───── Information provided

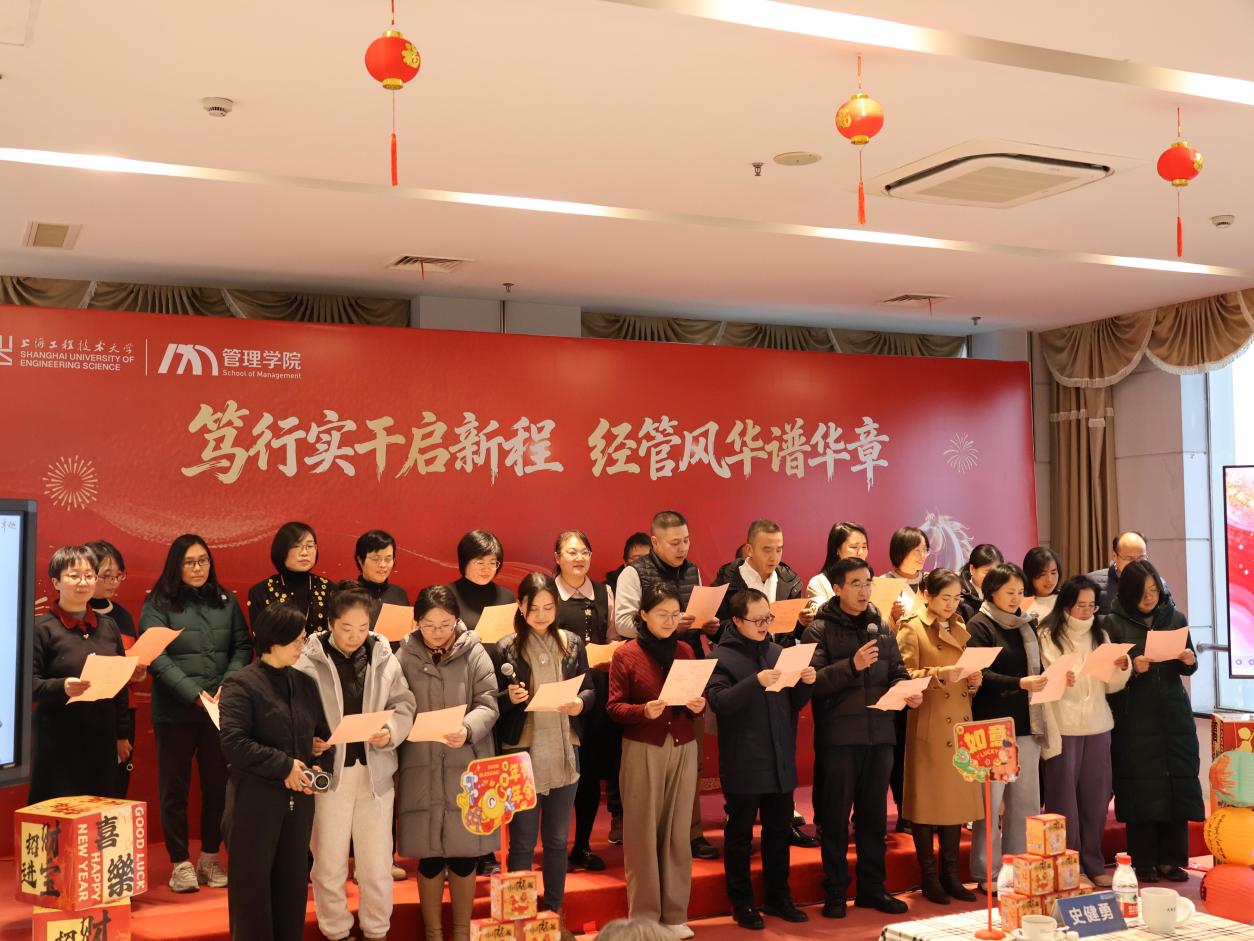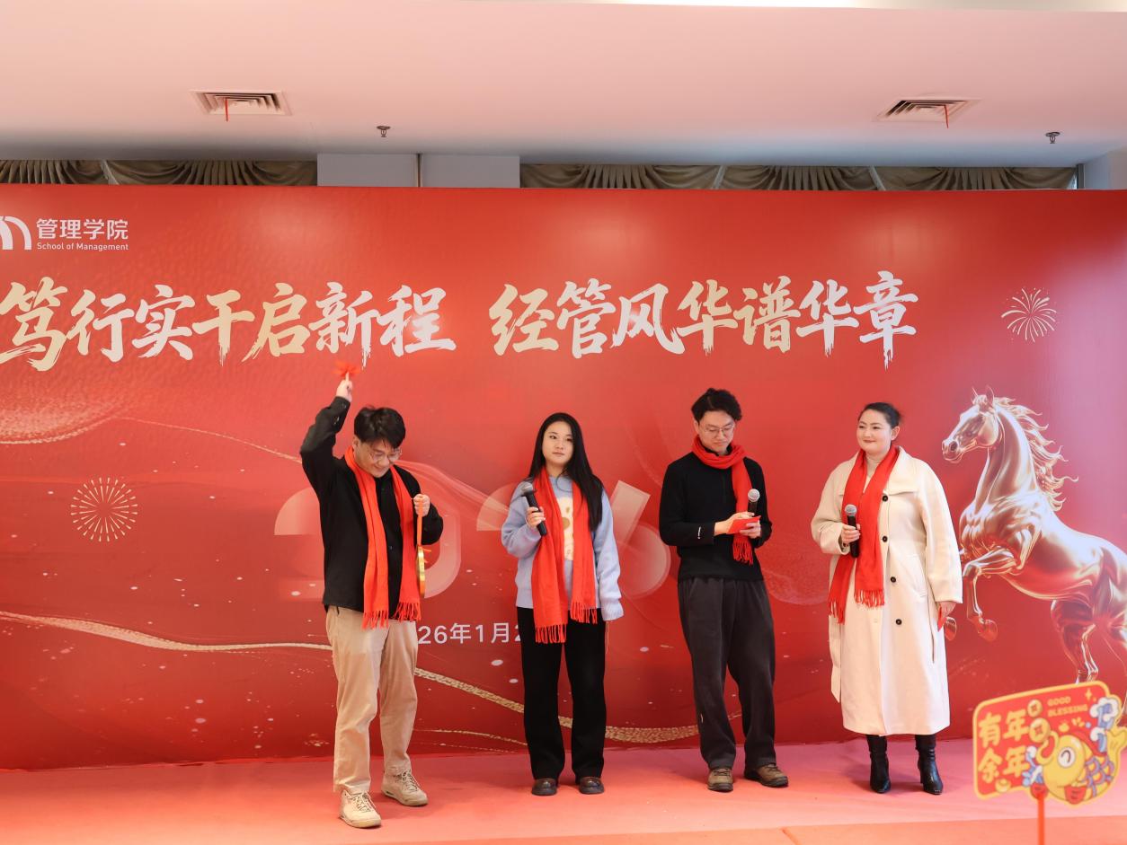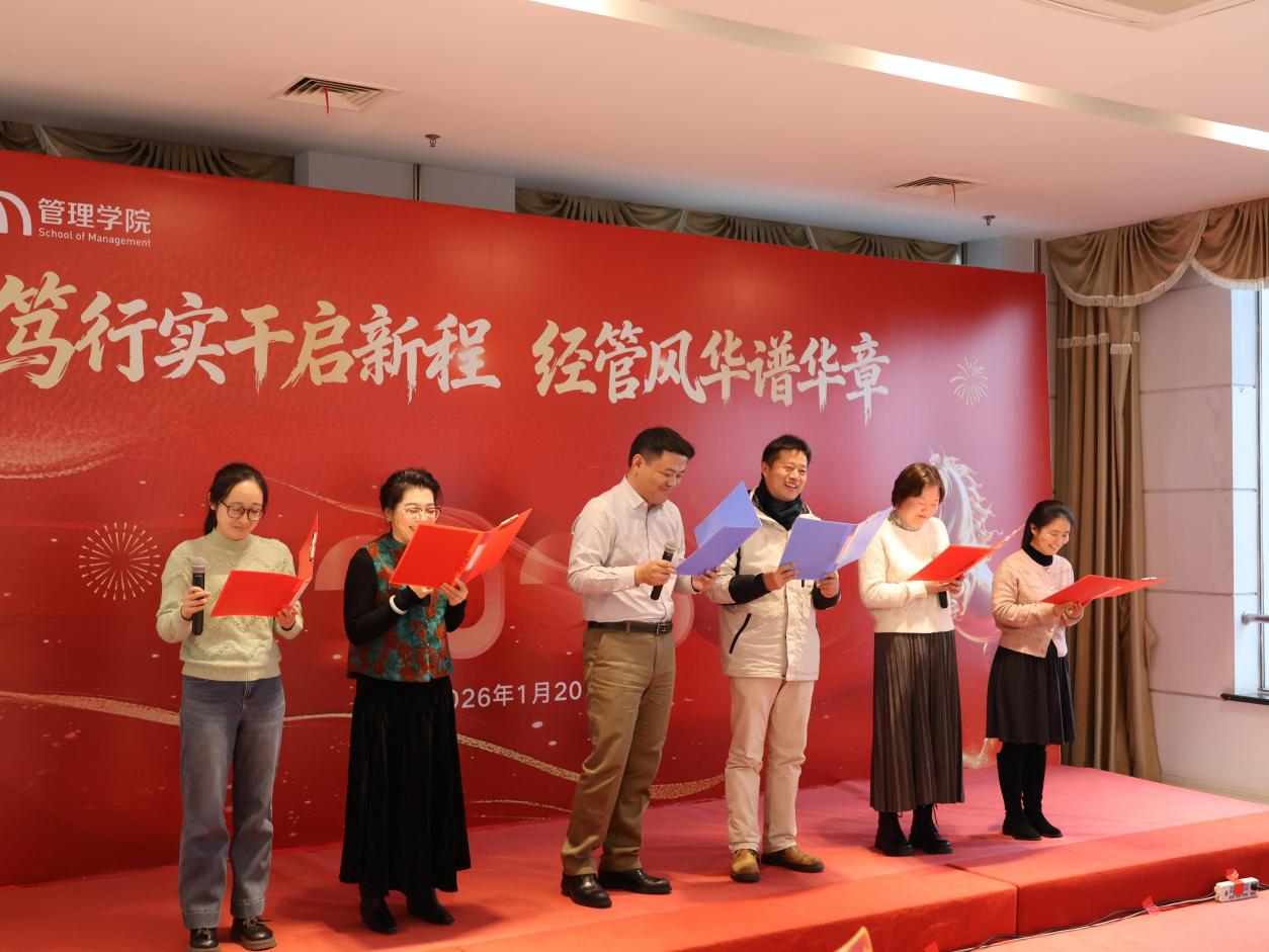 1月20日,一场以“笃行实干启新程,经管风华谱华章”为主题的2026年迎新联欢会在行政楼19楼举行。管理学院党政领导、全体教职工近200人出席了本次联欢会。
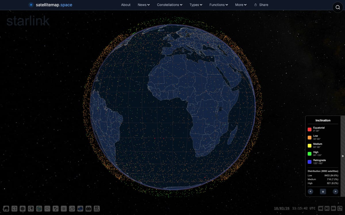 A map that lets you track Starlink satellites in real time as they orbit the Earth.
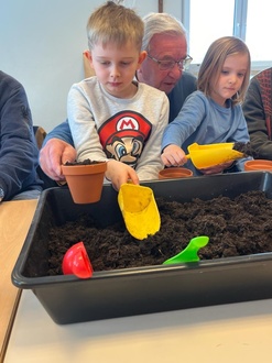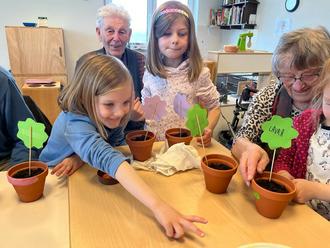 Die Nähe beider Einrichtungen zueinander sollte schon längst für gemeinsame Aktivitäten genutzt werden und so war es im März endlich soweit. Einige der Senioren kamen rüber zu uns und wir verbrachten den Vormittag im Löwenraum. Es wurden gemeinsame Töpfchen mit verschiedensten Blumensamen ausgesät über die sich besonders die Schmetterlinge freuen werden. Im Anschluss daran bastelte jeder der Senioren und der Kinder ein Namensschild in Form einer Blume für ihr eigenes Töpfchen. Da uns das aber noch zu langweilig aussah, haben alle die Ärmel hochgekrempelt und sich in die Fingerfarbe gestürzt.
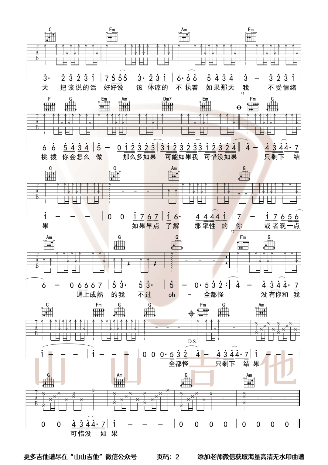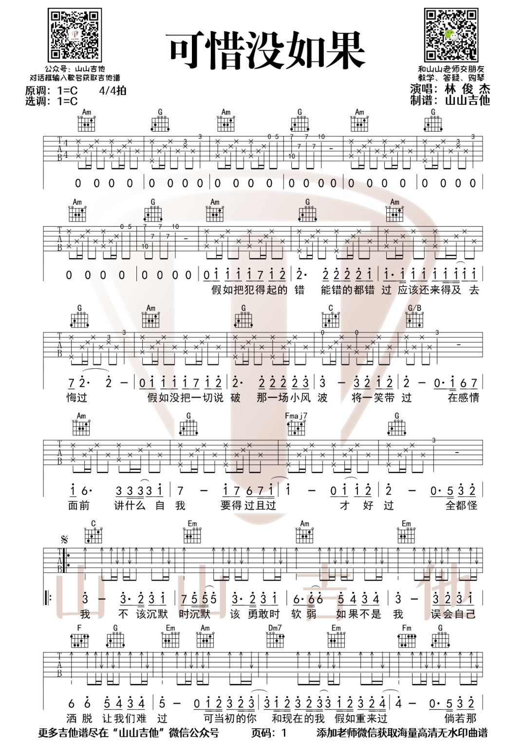 《林俊杰《可惜没如果吉他谱》(C调)》内容来自于互联网,不能保证内容的准确性与完整性,仅供学习交流欣赏,请勿用于其它用途,内容版权归原作者及来源网站所有,如有侵犯到您的权益请来信告知,我们将及时删除。
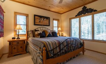 Our Ponderosa Valley log cabin home offers 4 bedrooms / 3baths / sleeps 12. Located in the Upper Valley, Ponderosa Valley offers guests both WiFi and satellite TV. 4WD is REQUIRED to access the driveway during the winter months.
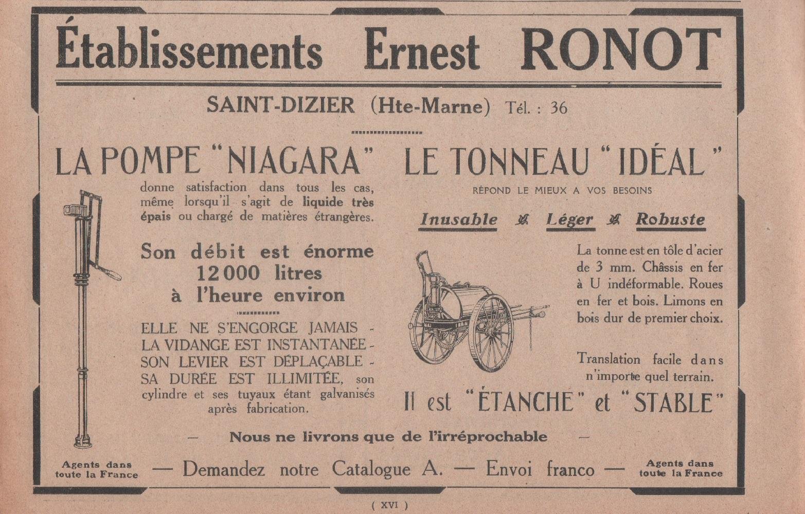 Ernest Ronot. Pompe Niagara, tonneau Ideal. Advertising 1926
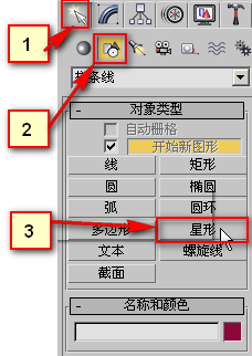 2、依次单击 面板中的 创建→图形→星形。在透视图中拖动创建一个星形。
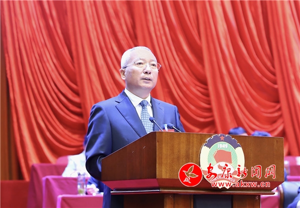 五月的安康,绿荫如海,生机盎然。主席台正中,中国人民政治协商会议会徽高悬,十面鲜艳的红旗分列两侧。会场的巨幅标语“高举习近平新时代中国特色社会主义思想伟大旗帜 为加快建设西北生态经济强市凝心聚力”庄重而醒目。
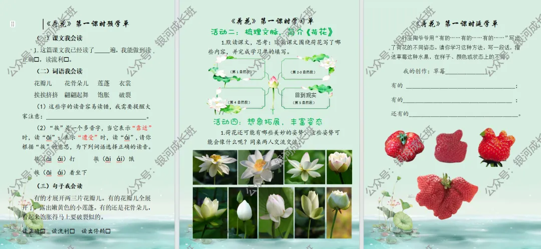 师:读得真有画面感!那这篇课文围绕荷花写了哪些内容呢,请同学们默读课文,同桌合作完成学习单的填写。
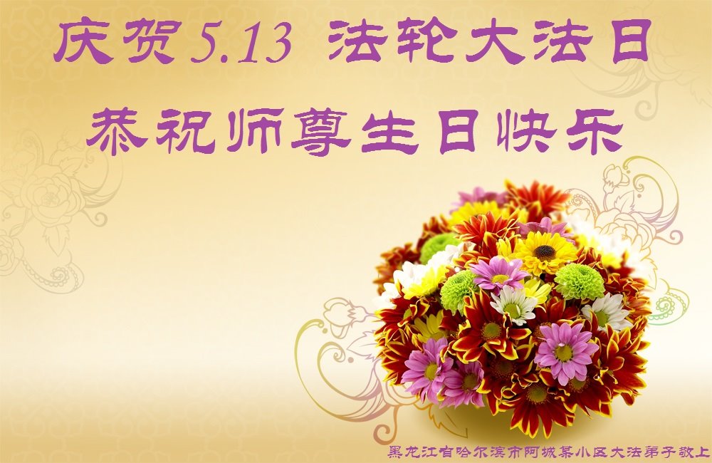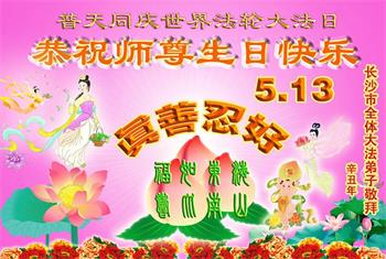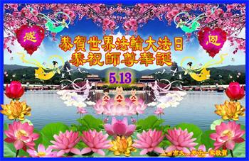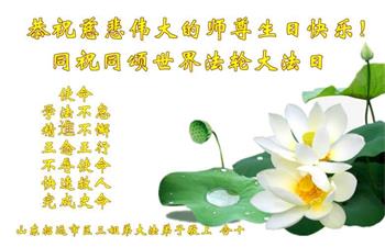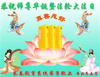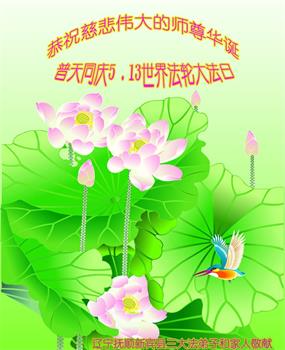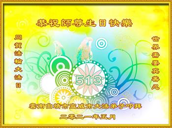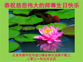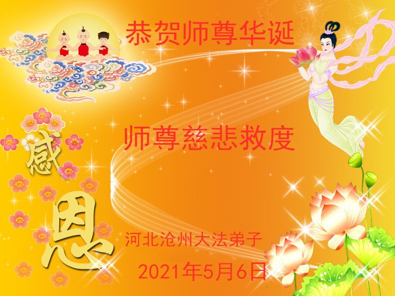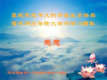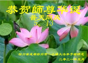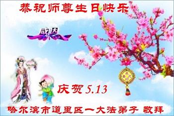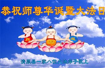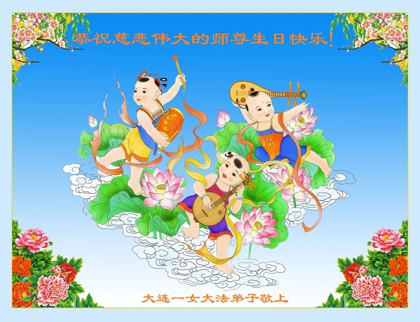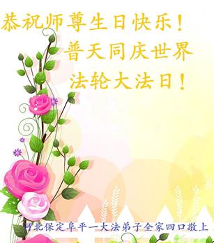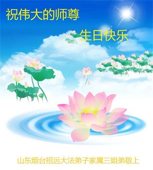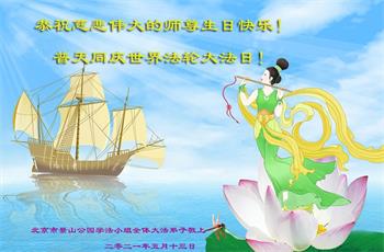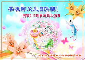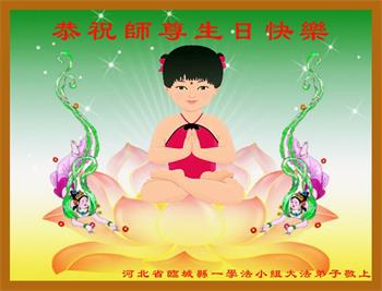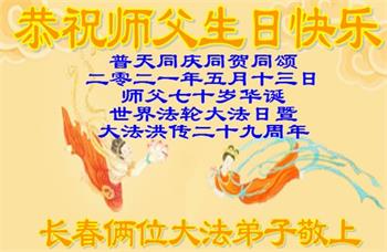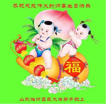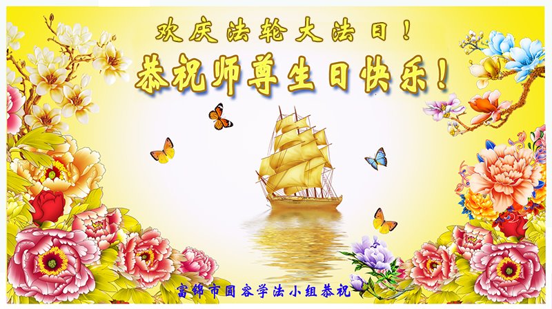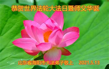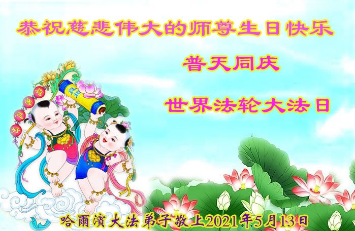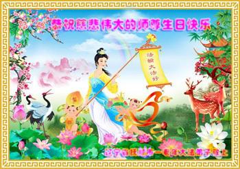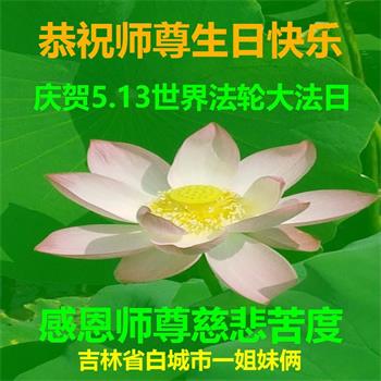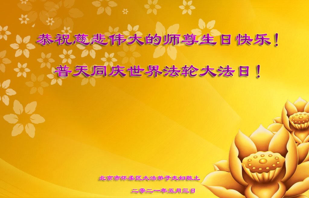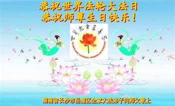 福建省福州市一大法弟子在贺词中说:“弟子双手合十,发自心底的恭祝慈悲伟大的师父华诞!每当5·13这辉煌的日子到来之际,弟子内心都充满对师父的无比感恩和思念。是师父把我脱胎换骨,重塑成一个全新的真我。”

──────────

Exercise requirements: Repeat the entries verbatim; no pictures.

Worked solution:
 1月20日,一场以“笃行实干启新程,经管风华谱华章”为主题的2026年迎新联欢会在行政楼19楼举行。管理学院党政领导、全体教职工近200人出席了本次联欢会。
 A map that lets you track Starlink satellites in real time as they orbit the Earth.
 Die Nähe beider Einrichtungen zueinander sollte schon längst für gemeinsame Aktivitäten genutzt werden und so war es im März endlich soweit. Einige der Senioren kamen rüber zu uns und wir verbrachten den Vormittag im Löwenraum. Es wurden gemeinsame Töpfchen mit verschiedensten Blumensamen ausgesät über die sich besonders die Schmetterlinge freuen werden. Im Anschluss daran bastelte jeder der Senioren und der Kinder ein Namensschild in Form einer Blume für ihr eigenes Töpfchen. Da uns das aber noch zu langweilig aussah, haben alle die Ärmel hochgekrempelt und sich in die Fingerfarbe gestürzt.
 《林俊杰《可惜没如果吉他谱》(C调)》内容来自于互联网,不能保证内容的准确性与完整性,仅供学习交流欣赏,请勿用于其它用途,内容版权归原作者及来源网站所有,如有侵犯到您的权益请来信告知,我们将及时删除。
 Our Ponderosa Valley log cabin home offers 4 bedrooms / 3baths / sleeps 12. Located in the Upper Valley, Ponderosa Valley offers guests both WiFi and satellite TV. 4WD is REQUIRED to access the driveway during the winter months.
 Ernest Ronot. Pompe Niagara, tonneau Ideal. Advertising 1926
 2、依次单击 面板中的 创建→图形→星形。在透视图中拖动创建一个星形。
 五月的安康,绿荫如海,生机盎然。主席台正中,中国人民政治协商会议会徽高悬,十面鲜艳的红旗分列两侧。会场的巨幅标语“高举习近平新时代中国特色社会主义思想伟大旗帜 为加快建设西北生态经济强市凝心聚力”庄重而醒目。
 师:读得真有画面感!那这篇课文围绕荷花写了哪些内容呢,请同学们默读课文,同桌合作完成学习单的填写。
 福建省福州市一大法弟子在贺词中说:“弟子双手合十,发自心底的恭祝慈悲伟大的师父华诞!每当5·13这辉煌的日子到来之际,弟子内心都充满对师父的无比感恩和思念。是师父把我脱胎换骨,重塑成一个全新的真我。”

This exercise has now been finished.